Гарри осторожно распаковал очередной пакет с образцами и только тогда ответил:
– Томми, спросил бы ты меня чего-нибудь полегче. Спроси меня, например, жениться тебе или нет, и я отвечу прямо как из пушки. И вообще все что угодно. Есть только одна вещь, которую ни один мужчина не может подсказать другому, а именно – в чем заключается долг этого другого. Так что придется тебе решать самому.
Я обдумал сказанное.
– Будь оно проклято! Гарри, ты хоть скажи мне, как ты сам смотришь на эти дела.
– Я? – Он отложил свою работу в сторону. – Том, я не знаю. Для меня лично… видишь ли, на этом корабле я был счастливее, чем бывал когда-либо в жизни. У меня жена, у меня ребятишки, они постоянно со мной, и я занят любимой работой. У других, возможно, все иначе.
– А как насчет твоих ребятишек?
– Вот тут, конечно, и есть загвоздка. Семейный человек… – Гарри нахмурился. – Нет, не стану советовать, Том. Если я даже намекну тебе, будто ты не должен делать того, что обязался делать, значит, я подстрекаю тебя к мятежу… а это тяжкое преступление для нас обоих. Если я скажу, что ты должен поступить так, как велит капитан, я окажусь чист перед законом, но, возможно, именно это приведет к гибели тебя, меня, моих детей и всех остальных… потому что в словах Чета много здравого смысла, даже если закон против него. – Гарри вздохнул. – Том, знаешь, я сегодня только чудом не отдал концы – это целиком твоя заслуга, и способность четко мыслить ко мне еще не вернулась. Не могу советовать – боюсь оказаться необъективным.
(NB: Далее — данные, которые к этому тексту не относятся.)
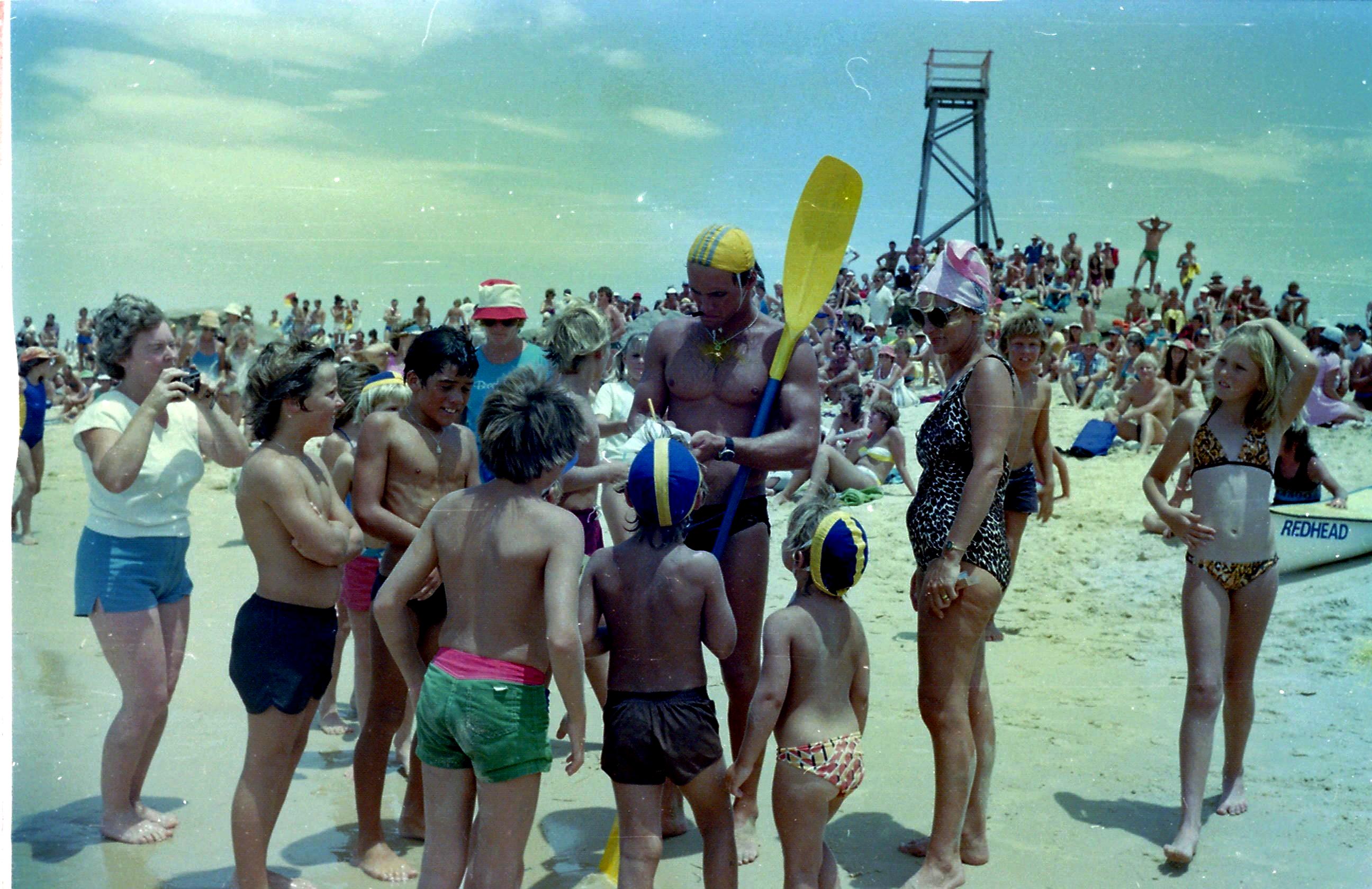 Grant proved a popular draw card and was surrounded by fans and he graciously did some autographs on the way up the beach. Grant kenny with fans at Redhead beach 1978

Я ничего не ответил. Как хотелось в эту минуту, чтобы дядя Стив был со мной! У него-то были ответы на все вопросы.
– Все, что я могу, – продолжал Гарри, – это высказать весьма уклончивое соображение.
– А? И какое же?
– Ты можешь повидаться с капитаном частным образом и выложить ему то, что тебя тревожит. Это, возможно, повлияет на его решение. Во всяком случае, узнать про эти дела будет для него небесполезно.
Я ответил, что подумаю над его словами, поблагодарил и ушел. Лег в постель и, наконец, забылся сном. В середине ночи меня разбудила корабельная качка. Корабль всегда покачивает, если он лежит на воде, но так странно, какими-то рывками, «Элси» на Элизии еще никогда не дергало.
Качка прекратилась, затем началась снова… потом снова прекратилась… опять началась… Я уже стал гадать, что же там происходит, но корабль вдруг завибрировал совсем по-другому, а эту вибрацию я узнал – так бывает, когда прогревают ракетные двигатели, но еще не на полной мощности. Инженеры говорят, что они «прочищают глотку» – обычное дело при ремонте и проверке. Я решил, что мистер Регато задержался допоздна на работе, и успокоился. Толчки больше не повторялись.
За завтраком я узнал, что это было: левиафаны затеяли очередную пакость – никто не знал, какую именно – против самого корабля… а капитан вполне разумно приказал мистеру Регато использовать против них ракетные двигатели. Пока мы знали о левиафанах очень мало, зато совершенно точно выяснили одно – они не иммунны ни к суперперегретому пару, ни к сильной радиации.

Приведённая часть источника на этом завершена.